Кондратий служил камердинером при Вадиме Андреевиче и при Андрее Вадимыче и помнил самого Вадима Вадимыча Волкова, о котором Кондратий даже во сне вспоминать боялся, – такой был он усатый и ужасный, не знал удержу буйствам и для унижения мелкопоместных дворян держал особенного – дерзкого шута Решето и дурку. От них-то и произошел Кондратий, получив с рождения страх ко всем Волковым и преданность.

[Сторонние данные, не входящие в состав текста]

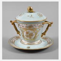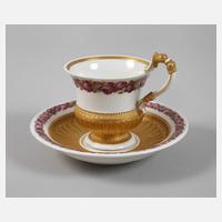 unterglasurblaue Zeptermarken 1870–1945, jeweils ein Unterstrich, Prägebuchstabe U und Jahreszeichen für 1909, gefußte Glockenbecherform mit hoch angesetztem Henkel, klassizistischem und goldbronziertem Reliefdekor an Fuß, Bauch und Henkel, umlaufender Rosenkranz in feiner polychromer Aufglasurbemalung sowie Goldrand, dazugehörige Untertasse mit gleichem Dekor, Rosenblüten partiell reinigungsbedürftig, sonst guter Zustand, H gesamt 10,5 cm.
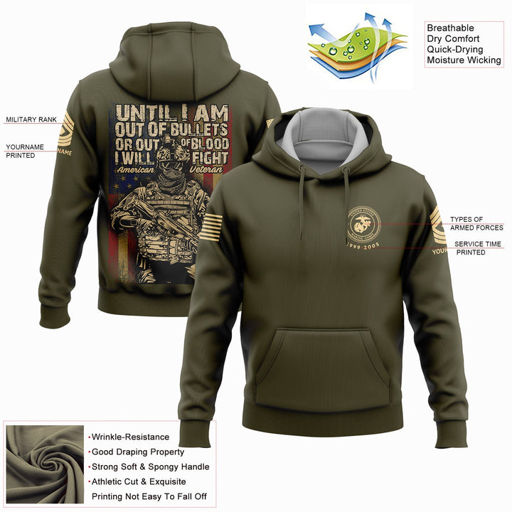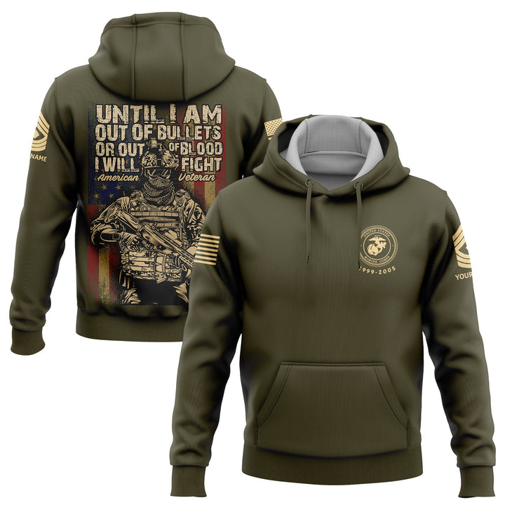 Until I Am Out Of Bullets Or Out Of Blood I Will Fight Custom Olive American Military Rank Veteran Name Hoodie
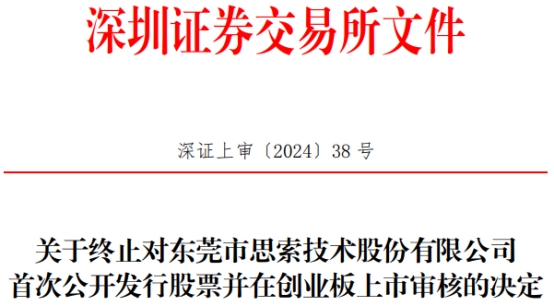 2024年1月26日,思索技术向深交所提交了《关于撤回东莞市思索技术股份有限公司首次公开发行股票并在创业板上市申请文件的请示》,保荐人向深交所提交了《五矿证券有限公司关于撤回东莞市思索技术股份有限公司首次公开发行股票并在创业板上市的请示》。根据《深圳证券交易所股票发行上市审核规则》第六十二条的有关规定,深交所决定终止对思索技术首次公开发行股票并在创业板上市的审核。
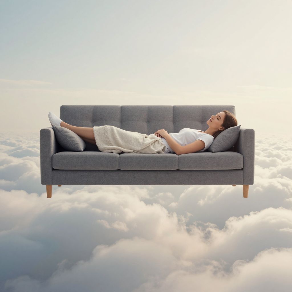 A serene woman rests peacefully on a gray sofa suspended above a vast expanse of fluffy clouds, her tranquil presence evoking a dreamlike atmosphere beneath a soft, ethereal sky.
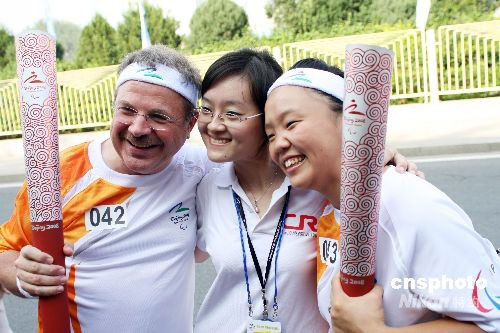 9月4日,残奥会火炬到达北京,将在北京的“一坛两园”展开最后一天传递行程。据北京市体育局副局长孙学才介绍,北京地区的240名火炬手既有工作在基层一线的普通劳动者,又有体坛名将、文艺工作者。其中,残疾人士共70名,占火炬手总数的近30%。中新社发 王昊 摄
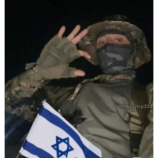 Soldado com máscara e capacete, fazendo um gesto com a mão, segurando uma bandeira de Israel.

Вадим Андреевич, отец теперешнего Александра Вадимыча, был большой любитель почитывать и пописывать, издал даже брошюру для крестьян под названием «Добродетельный труженик», но был решительно против отмены крепостного права и однажды, приказав привести в комнаты кривого Федьку-пастуха, усадил его на шелковый диван, предложил сигару и сказал: «Теперь вы, Федор Иванович, самостоятельная и свободная личность, приветствую вас, можете идти, куда хотите, но если желаете у меня служить, то распорядитесь, будьте добры, и вас в последний раз высекут на конюшне». Федька подумал и сказал: «Ладно».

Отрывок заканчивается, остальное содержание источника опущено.